After I noted the main differences between widely held Jewish, Christian, and Islamic beliefs on the beginning of life, I asked him whether he would legislate according to his convictions or the Constitution, with its First Amendment provision for freedom of religion. His answer was that he would have to think about it. His hesitation about legislation making the prohibition of abortion more important than freedom of religion shows that some conservatives are not fully committed to conserving the Constitution. The same is true of New Mexico Republican candidates Heather Wilson for the US Senate and Steve Pearce for the US House, both of whom have proclaimed that life begins at conception and that they are committed to religious freedom—the same inconsistency to which conservatives everywhere adhere.
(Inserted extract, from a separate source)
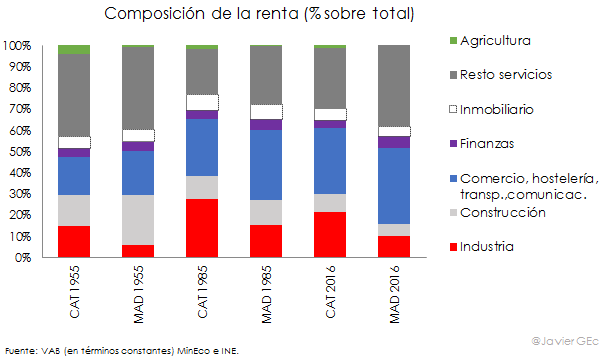Sin embargo, sí que es más relevante comparar la renta aislando cambios en las variaciones de los precios, dado que una mayor inflación no supone producir más bienes o servicios, por lo que tomar como referencia el VAB en términos constantes es más correcto. La economía catalana se caracteriza por un mayor peso de la industria y la construcción, mientras que los servicios tienen una mayor relevancia en Madrid.

It matters that Allen’s educational background involved no college study of economics, history, philosophy, political science, or religion (other than his own)—a deficiency with likely legislative consequences whatever his views on any subject. But, on the subject of abortion (as well as associated subjects), this deficiency matters little because anti-abortion extremists treat information irresponsibly. They accept whatever agrees with their views. Todd Akin (he of “legitimate rape” versus illegitimate rape) and Paul Ryan (he of “forcible rape” versus non-forcible rape) believe impregnation-proof rape fantasies based on snippets of pseudo-science pseudo-supported by never-specified reports. They reject whatever disagrees with their views. Thus, scientific knowledge about human biology and modern medicine (also the creation of the universe, evolution, and global warming) is discounted or disregarded.
Anti-abortion extremists reject scientific knowledge in these fields because they perceive it as threatening Christian faith (per Biblical literalism). Likewise, they oppose abortion as part of their faith-based, ideological opposition to modernity and, with it, democracy. They are explicit in their beliefs that rights derive from God, not a compact among people, and that life is a gift from God not to be refused by abortion. Ultimately, anti-abortion extremists prefer the Bible to the Constitution, theocracy to democracy.
Blinded by their faith, anti-abortion extremists do not see the barbarous consequences of their now-central legislative initiative. Logically, personhood amendments are the political extension of their radical redefinition of the beginning of life. They have urged such amendments to some state constitutions and to the US Constitution. They do not recognize the perverse implication of such personhood-at-conception amendments. If a zygote, embryo, or fetus be defined as a person with all a person’s rights and privileges, then its threat to a woman’s health or life would constitute grounds for abortion as a mother’s act of self-defense against her child.
An anti-abortion position by itself should not determine one’s vote. Indeed, most people are, as they have always been, against abortions. But the extreme anti-abortion position, which makes no exceptions for rape, incest, or a women’s health or life, is symptomatic of an ideological mindset unsuited for democratic government. It sets religious dogma and dogmatism above political rights and personal freedom, and suggests a tendency toward similarly anti-modern biases on important issues in other areas. An advocate or supporter of this extreme anti-abortion position is not worth considering for anything but rejection at the ballot box.